Кристиан сделал два шага к девушке и, стремительно наклонившись к ней, как-то зловеще предостерег:
– Заканчивайте этот дешевый балаган, Светослава. Я желаю вас видеть рядом за столом, и так будет. Вы должны уяснить в своей голове, что мои просьбы и приказы не обсуждаются. Вам это ясно?
Он замер в опасной близости от ее румяного лица и стоял, склонившись. Чудные янтарные глаза девушки смотрели на него так открыто и без боязни, что молодой человек ощутил, как все его существо наполняется каким-то неведомым теплом и умиротворением.
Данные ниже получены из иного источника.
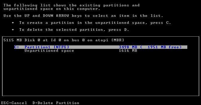 DiskpartThis replaces the well known fdisk in previous versions of Windows. Type diskpart and press ENTER. A list showing used and unused space follows (fig. 5, your list may be different). You can follow the instructions to create a partition (if there is unpartitioned space on the hard disc) or delete existing partitions. The command options are (quote from KB article):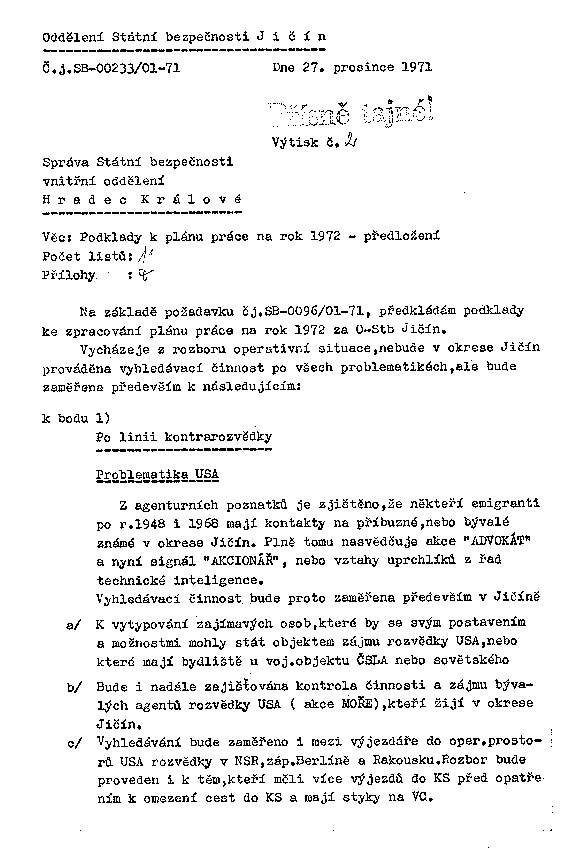 Z agenturních poznatků je zjištěno, že někteří emigranti po r.1948 i 1968 mají kontakty na příbuzné, nebo bývalé známé v okrese Jičín. Plně tomu nasvědčuje akce "ADVOKÁT" a nyní signál "AKCIONÁŘ", nebo vztahy uprchlíků z řad technické inteligence.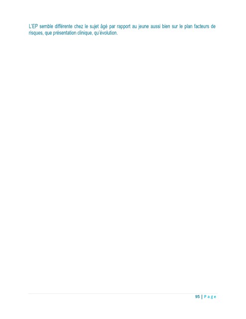 L’EP semble différente chez le sujet âgé par rapport au jeune aussi bien sur le plan facteurs de risques, que présentation clinique, qu’évolution.
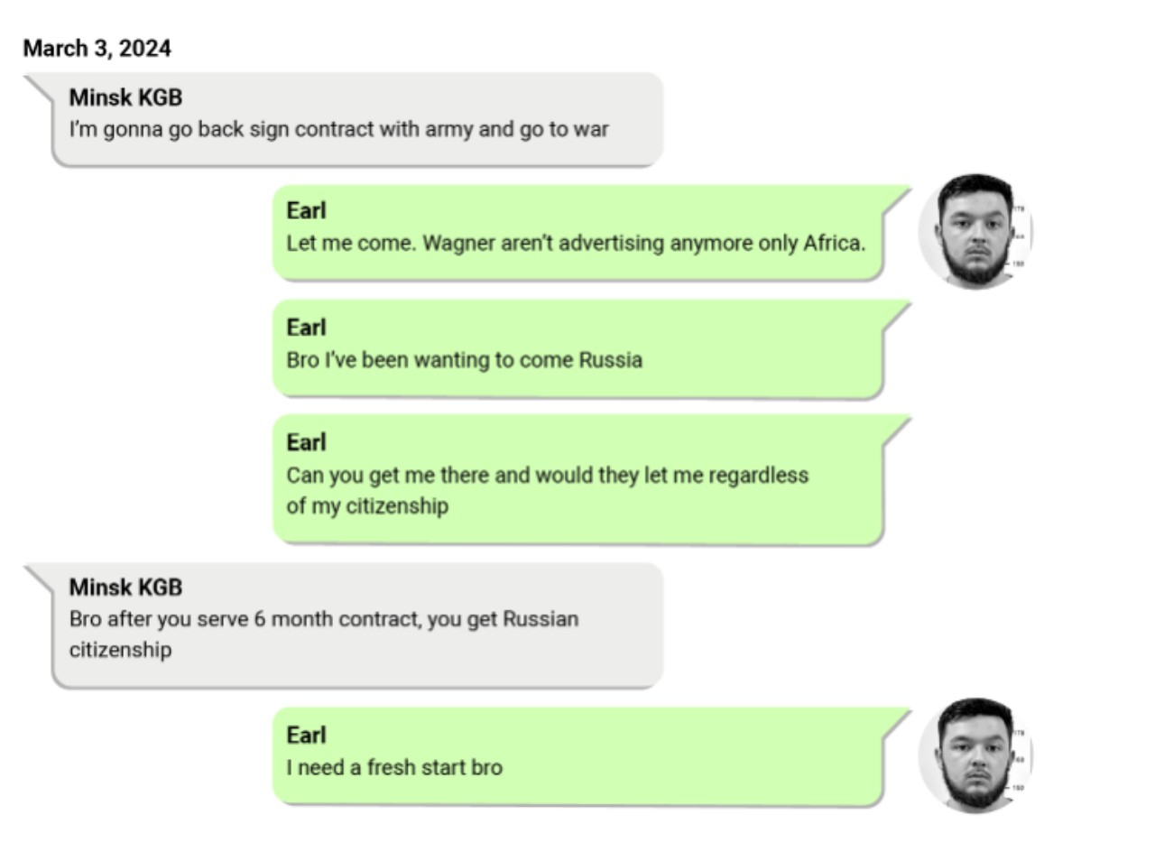 В переписке от 3 марта 2024 года контакт «Minsk KGB» сообщает, что собирается подписать контракт и отправиться на войну. Эрл просит взять его с собой, говорит, что хочет начать жизнь с нуля и приехать в Россию. Он спрашивает собеседника, может ли он помочь, учитывая, что у Эрла нет российского гражданства, а «Вагнер» не рекламирует свою деятельность нигде, кроме Африки.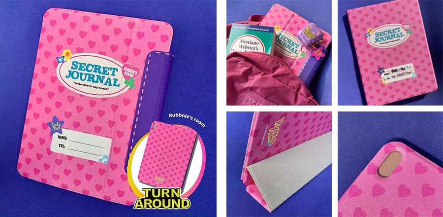 เคสใส่ไอแพด Secret Journal จาก Rubbie's Room กับลายปกสมุดนักเรียนสีชมพูฟรุ้งฟริ้ง แต่งรูปหัวใจ ฟีลเจ้าหญิงบาร์บี้ ให้ความรู้สึกสดใสเหมือนย้อนกลับไปช่วงยุค Colorful 80's สำหรับเคสรุ่นนี้มี 2 แบบ คือ แบบเคสแม่เหล็ก พับได้ 3 ทบ มีแถบแม่เหล็กสีม่วงสำหรับล็อกปก (ไม่มีช่องใส่ปากกา) และแบบคลุมเครื่อง มีช่องใส่ปากกา (ไม่มีแถบแม่เหล็กสีม่วง) ซึ่งแต่ละแบบก็มีให้เลือกใส่กับ iPad หลายรุ่นอยู่นะ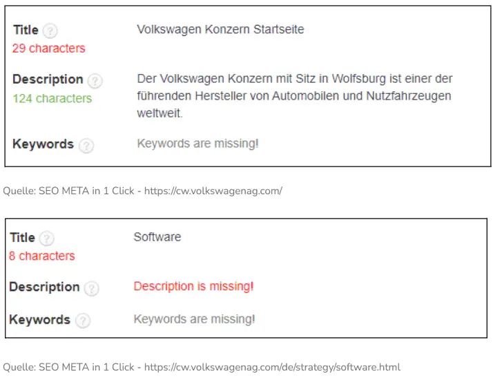 Meta Descriptions sollten ebenfalls relevante Keywords enthalten. Im zweiten Screenshot wird deutlich, dass Volkswagen für einige Landingpages überhaupt keine Beschreibung eingepflegt hat. Das ist suboptimal, da Suchmaschinen so nicht eindeutig identifizieren können, welche Inhalte die entsprechende Seite für einen Nutzer bietet. Dies wirkt sich logischerweise negativ auf das Ranking aus.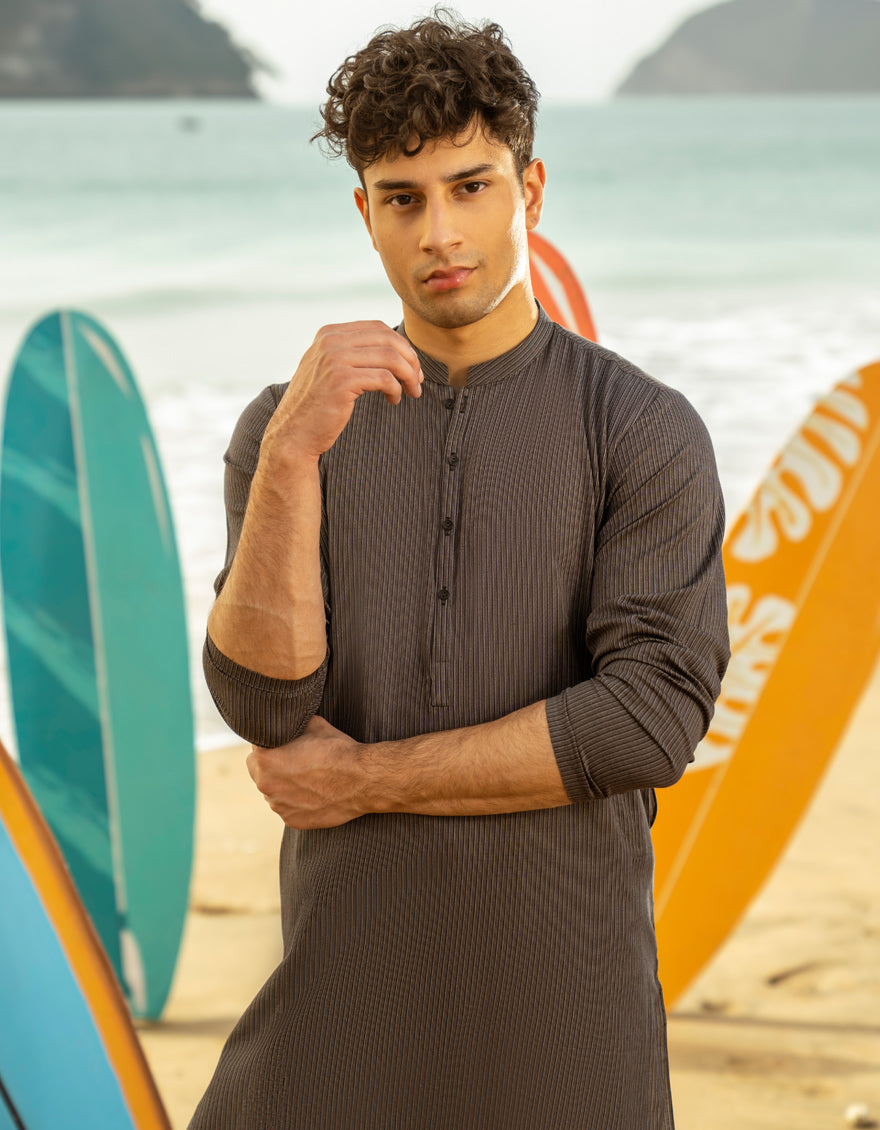 Explore our latest teen boys' Grey Cotton Kurta, designed with a blend of classic simplicity and Eastern charm. These kurtas offer a stylish yet understated look, suitable for a variety of occasions.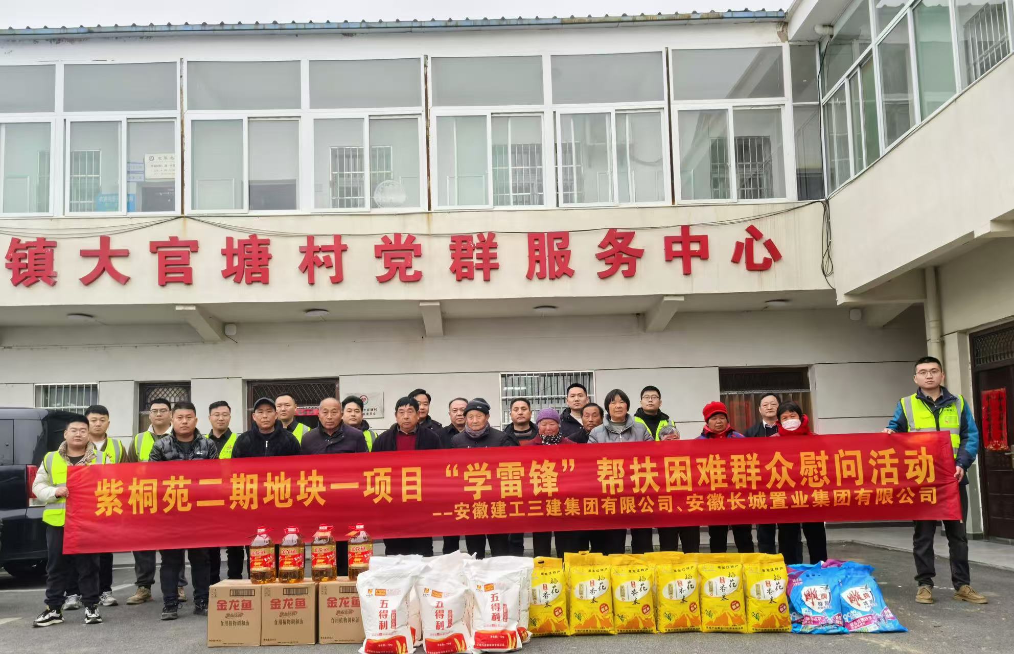 十分公司紫桐苑二期地塊一項目黨支部聯合雙墩鎮人民政府村鎮規劃建設辦、安徽長城置業集團有限公司組織項目管理人員前往長豐縣雙墩鎮大官塘村委會開展“學雷鋒”幫扶困難群眾慰問活動,為困難群眾送去了米、油、面等生活物資,并與他們親切交談,幫助人民群眾解決生活困難,鼓勵他們保持樂觀心態。
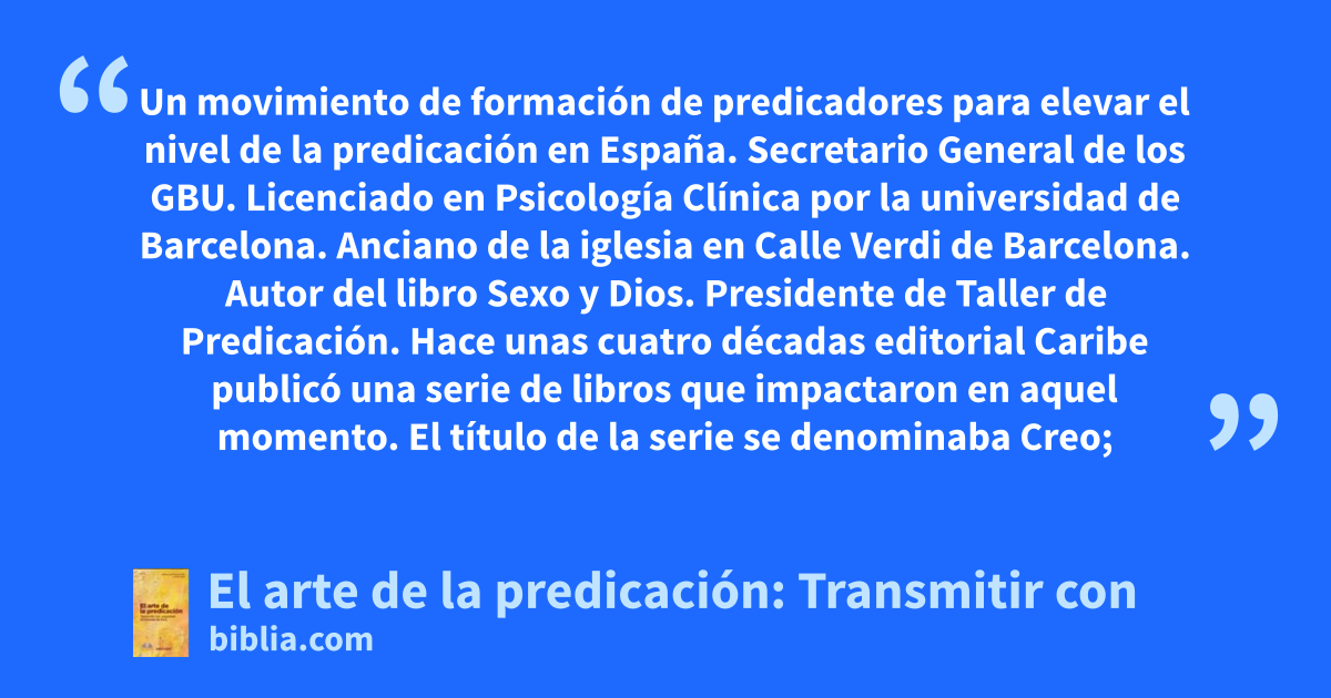 Un movimiento de formación de predicadores para elevar el nivel de la predicación en España. Secretario General de los GBU. Licenciado en Psicología Clínica por la universidad de Barcelona. Anciano de la iglesia en Calle Verdi de Barcelona. Autor del libro Sexo y Dios. Presidente de Taller de Predicación. Hace unas cuatro décadas editorial Caribe publicó una serie de libros que impactaron en aquel momento. El título de la serie se denominaba Creo;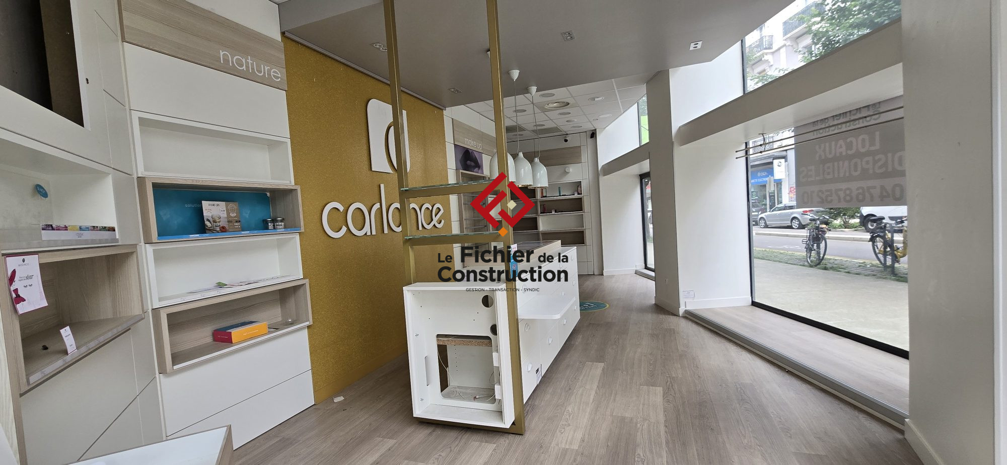 Vitrine de 8 mètres de long et hauteur sous plafond de 3 mètres vous permet de créer un espace ouvert et accueillant.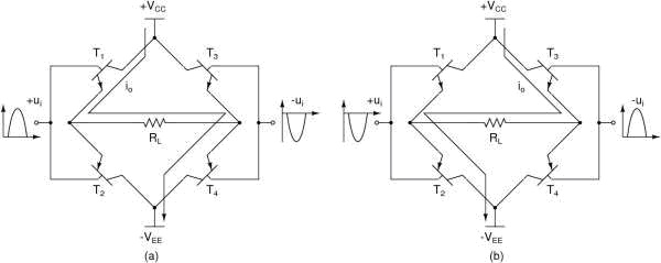 OTL電路采用單電源即可工作,所以在便攜式功放中很常用,如果不加輸出電容,則穩(wěn)態(tài)時輸出電壓為0.5Vcc,所以輸出電容不可省去。但是輸出電容也影響了電路的低頻響應(yīng)。為了提高低頻響應(yīng),OCL電路使用對稱雙電源供電,使穩(wěn)態(tài)輸出為0V,省去輸出電容。這時,加在負(fù)載上的最大電壓為Vcc。這樣電源電壓利用率偏低,因為整個電源電壓為2Vcc。提高利用率的方式是使用BTL電路,負(fù)載接在電橋中,兩端的最大電壓可達(dá)2Vcc,相同供電電壓下輸出功率是OCL的四倍,但是元件數(shù)量翻倍。下圖示出了BTL電路的原理。每次都是電橋?qū)?cè)橋臂上的管子同時導(dǎo)通和截止。由于負(fù)載中點電壓始終在0V,我們可以把BTL電路看成是兩個等效負(fù)載為0.5RL的OCL電路。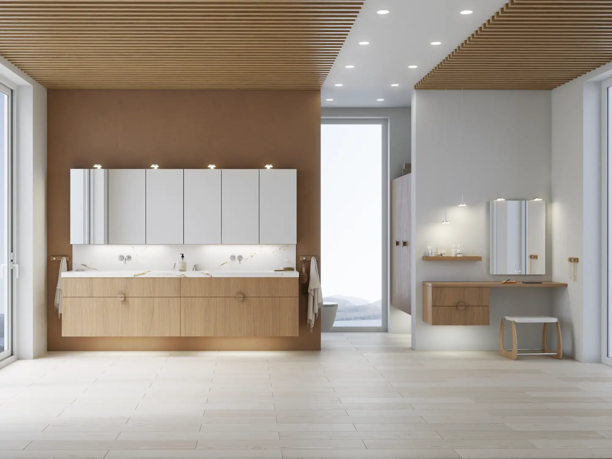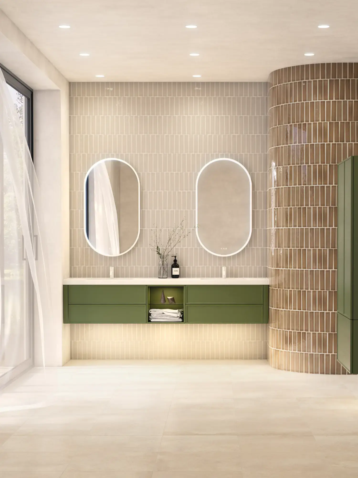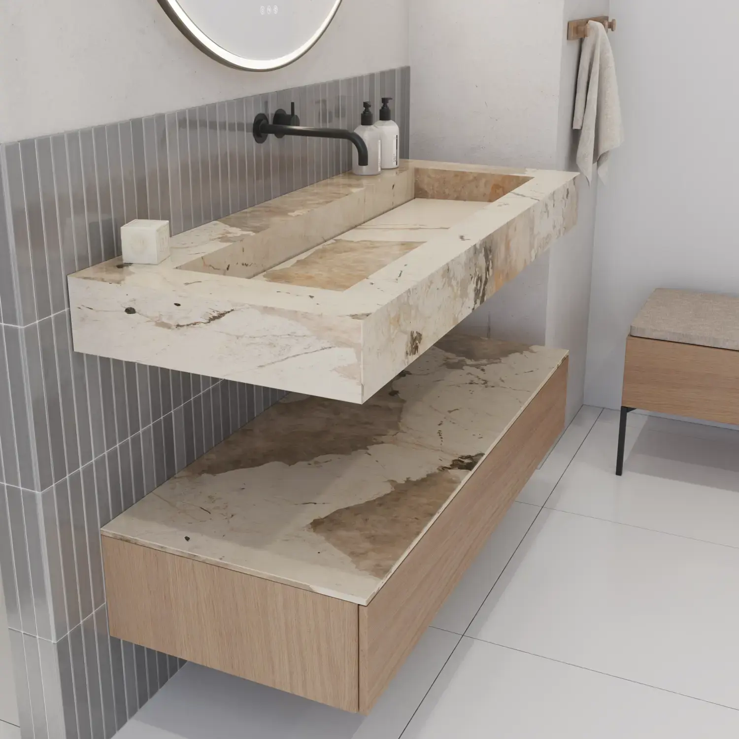 Stylish and modern bathroom inspiration with oval mirrors with light control, stone sinks, and vanity units with fine and elegant grooves in a minimalist design, the bathroom has a light and airy atmosphere with elegant lighting and refined details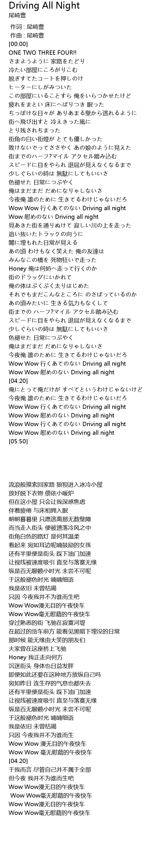 | [04:57.60] | Wow Wow 行くあてのない Driving all night |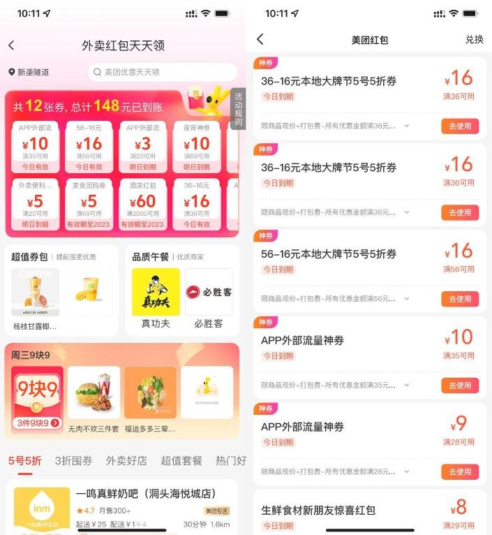 - 11美团搜索【50555】半价外卖券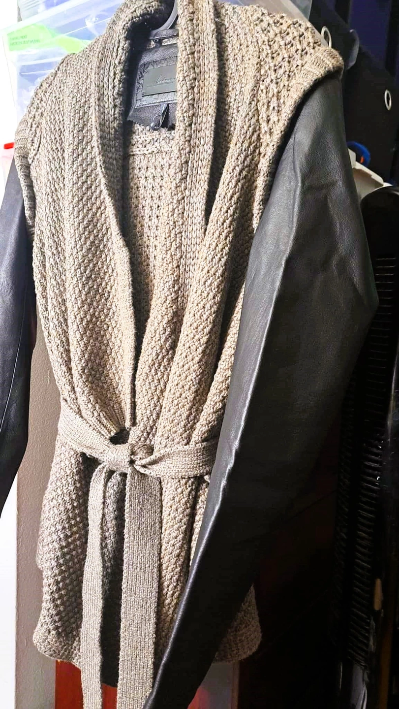 Line Women Luxury Sweater Cardigan w/ Genuine Leather Sleeves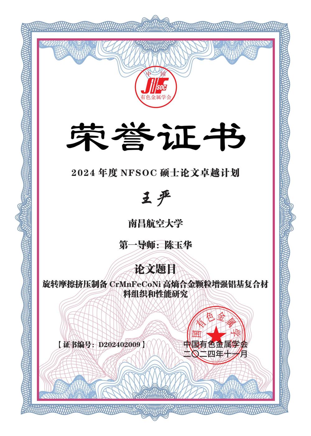 啟航網訊 近日,中國有色金屬學會公布了“2024年度NFSOC碩博論文卓越計劃”獲選通知,我校材料科學與工程學院碩士研究生王嚴的碩士學位論文——《旋轉摩擦擠壓制備CrMnFeCoNi高熵合金顆粒增強鋁基復合材料組織和性能研究》入選。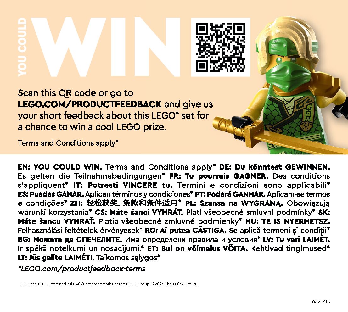 On this page you can find the original construction manual for the LEGO 71821 set. With the assembly manual you can easily learn how to build the 71821 Cole's Titan Dragon Mech step by step. The set was released in 2024.

Всего лишь миг – и фон Ремберг почувствовал дикое неистовое желание поцеловать Славу. Все его существо напряглось до предела, а в его голове застучала яростная мысль о том, что он хочет получить от Славы один поцелуй, который совсем ничего не будет значить для него. Только один, и все.
Она тут же смутилась от его горящего фиолетового взора, который словно пытался подчинить ее себе. Но, стойко выдержав его, недовольно выдохнула и попыталась возразить:
– Сударь, вы невозможны и…
Вмиг опомнившись, фон Ремберг быстро выпрямился и прищурился, пытаясь скрыть волнение от ее близости.
– Довольно, – уже раздраженно велел Кристиан, окинув быстрым взглядом девушку, сидящую перед ним. – Раз вы не хотите спускаться вниз, тогда я буду ужинать здесь. Ибо уже распорядился подать еду сюда.
Кристиан проворно подошел к небольшому столику у окна, легко поднял его и переставил к креслу, в котором сидела девушка. Затем он взял стул и придвинул его к столу. Усевшись напротив изумленной жены, фон Ремберг как-то загадочно улыбнулся и проворковал:
– Вот видите, как все хорошо получилось.
В этот момент вошли двое слуг с подносами. Лакеи ловко выставили на стол всю посуду, закуски, вино, жаркое, хлеб и, поклонившись, вышли. Слава смотрела за всем этим действом и упорно молчала. Ей казалось, что теперь фон Ремберг не только указывал, что ей делать, но и все решал за нее.
– Немного вина? – спросил молодой человек, умело откупоривая бутылку.
– Я не пью вино, вы же знаете, – отрезала Слава, откладывая в сторону книгу.
– Тогда не буду настаивать.
Он взял графин с водой и разлил ее по бокалам. Затем, положив салфетку на колени, фон Ремберг открыл крышку большой фарфоровой супницы и устремил взор на девушку.
– Положить вам жаркого?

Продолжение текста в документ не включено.